The type information in generics is only available at compile time, after which the object only has the instantiated type. This for backward compability with code not utilizing or knowing about generics; as such, generalized types can be treated (in fact, at run time, are) "raw" Java types. Legacy code can, however, in the case with the above sum function, insert non-integers into the collection, and only when executing sum will there be a failure with a ClassCastException. There exists special Java classes for attaching run-time checks that no invalid values can even be inserted to the collection, which can be used where needed.

Generics in Java can also contain wildcards for universal quantification:

int length(Collection<?> xs) {
    int l = 0;
    for (Iterator<Int> i = xs.iterator(); i.hasNext(); i.next()) {
        l += 1;}
    return l;}

The quantification (both wildcard and regular types) can have a lower or upper bound, through the use of the super and extends keywords, where the former imposes a lower bound and the latter an upper bound. We modify the sum() function to give an example of extends:

int sum(Collection<? extends Int> xs) {
    int s = 0;
    for (Iterator<Int> i = xs.iterator(); i.hasNext();) {
        s += i.next();}
    return s;}

Lower bounds are useful for e.g. operating on generic data structures. The following function declaration would let the user add an object x of type T into any queue structure that supports adding a super-type of T:

int addToQ(T x, Q<? super T> q) {
    ...
}

Classes and Interfaces

Classes in Java utilize existential quantification in that the public methods of the class represent the general interface, immediately instantiated by the code in the methods themselves. This achieves information hiding, by not exposing all of the actual implementation of the code, allowing for private methods and state to be used internally as helpers.

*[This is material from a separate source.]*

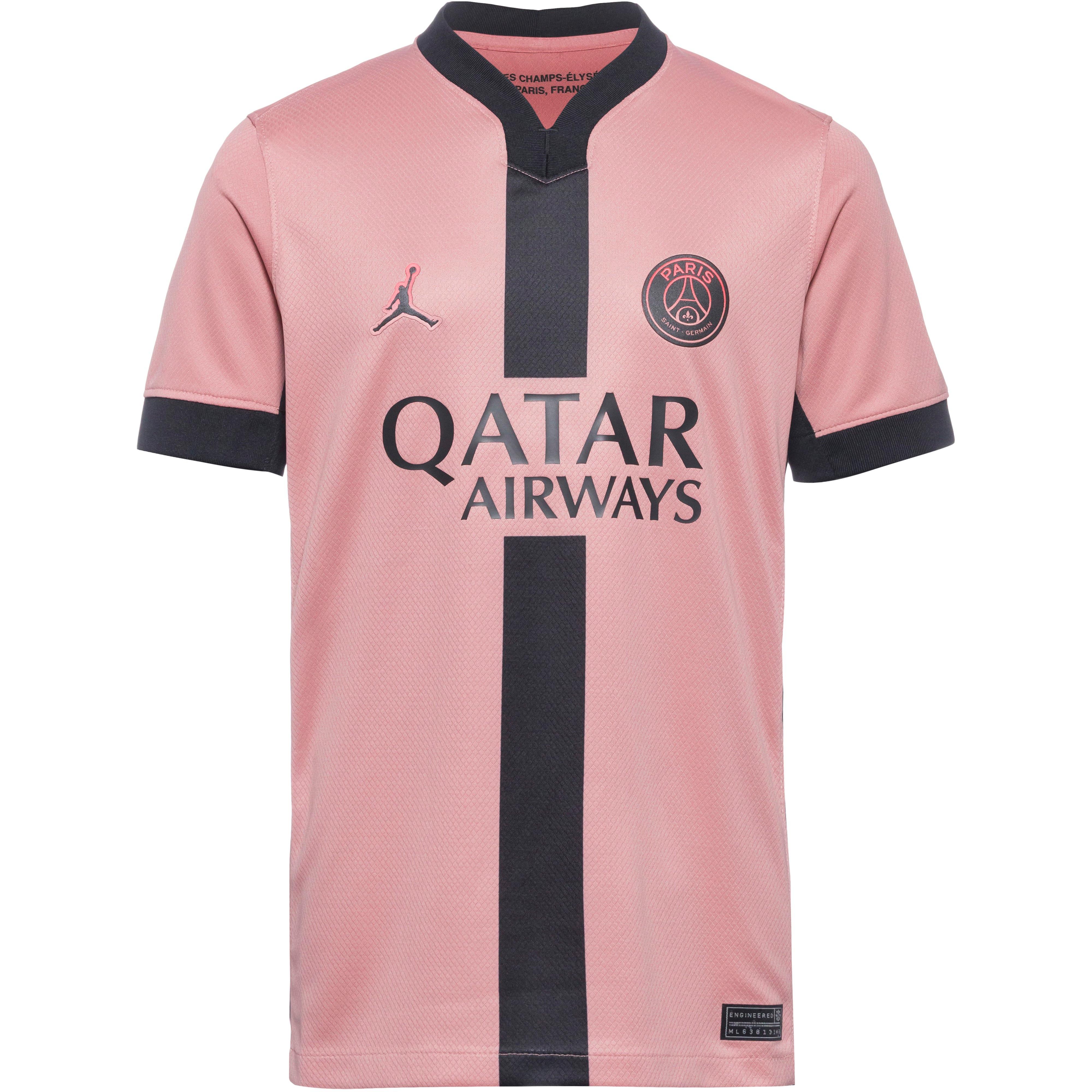 Kinder-Ausweichtrikot des FC Paris Saint-Germain, Saison 24/25; mit Vereinslogo, Jumpman-Logo und Sponsorenprint; V-Ausschnitt; kontrastfarbene Akzente; mit weichem Nackenband; atmungsaktiv schnelltrocknend und feuchtigkeitsregulierend dank Dri-FIT-Technologie; Material 100% Polyester.
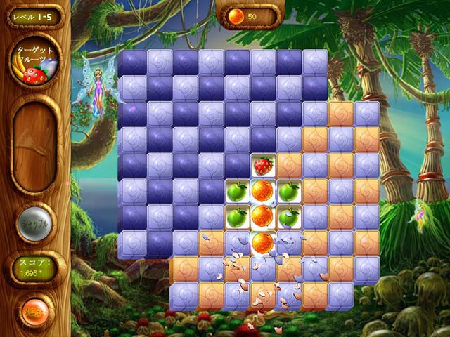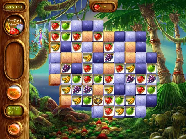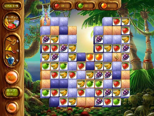PC ダウンロードゲーム:マッチ 3 ゲーム 英語版タイトル:Alice and the Magic Gardens 今すぐ「アリスと魔法の庭園」をプレイ! まずは無料体験版をダウンロードしよう。 悪い魔女の呪いによって失われてしまった果物を見つけるために、妖精たちがお城に仕える召使のアリスに助けを求めました。美味しい果物を見つけて妖精の世界を救ってくれたお礼には、妖精たちがアリスに素敵な庭園を用意してくれるそうです!マッチ 3 をプレイして、タイルに隠された果物をどんどん見つけていきましょう!果物を見つけるたびにポイントが獲得でき、次のレベルに進むことができます。ハンマーやフルーツブラスターといったお助けアイテムを使うとより多くの果物を一度に見つけることができますよ!アリスと一緒にたくさんの果物を見つけて悪い魔女の呪いから妖精たちを救いましょう! - アリスと魔法の庭園

Interfaces allows for i) inclusion polymorphism and ii) existential quantification as it enables functions to parameterize on the any sub-type of the interface while hiding the the actual type/implementation of the interface. Any given class can extend zero or more classes, but only implement the behaviour of zero or one interface.

Python

Unlike Java, there are no primitives -- everything is an object. Python has classes, but no interfaces. Instead of a static type system, Python utilizes late binding for attribute access, causing a run-time exception should the object not support the given operation. In fact, that's a common idiom for checking for the existance of variable names:

try:
    foo
except NameError, x:
    # name 'foo' not in use
    pass

In Python (like Java), variables are reference, but the name itself does not have a type attached to it -- all it does is point to an object. Links has to be followed to give the return value. Because of the late binding, Python does not use interfaces, but instead relies on naming conventions, even if there's some work (Zope's zope.interface, most notably) to get a more formalized interface. For example, given the following function which counts the occurance of the literal '1' in a file:

def countOnes(f):
    return len([i for i in f.read() if i == '1'])

lineCount can be used with file-like objects supporting the operation .read(). We could therefore define a class that's not a file at all, but still supports the read operation:

class RandomSequence:
    def __init__(self, count):
        self.count = count

    def read(self):
        return [str(random.randint(0, 9)) for i in range(self.count)]

rs = RandomSequence(100)
print "Out of 100 numbers,", countOnes(rs), "were ones."

Objects can be dynamically altered at run time; adding and removing attributes to objects is a common task in Python. This is form of universal polymorphism, achieved through the overloading ad-hoc polymorphism. Magic names are used for supporting operators in the language. For example, the operator + is called __add__ and can be added to any class definition. Python also supports coercion for certain types, such as addition with integer and real values producing a real value.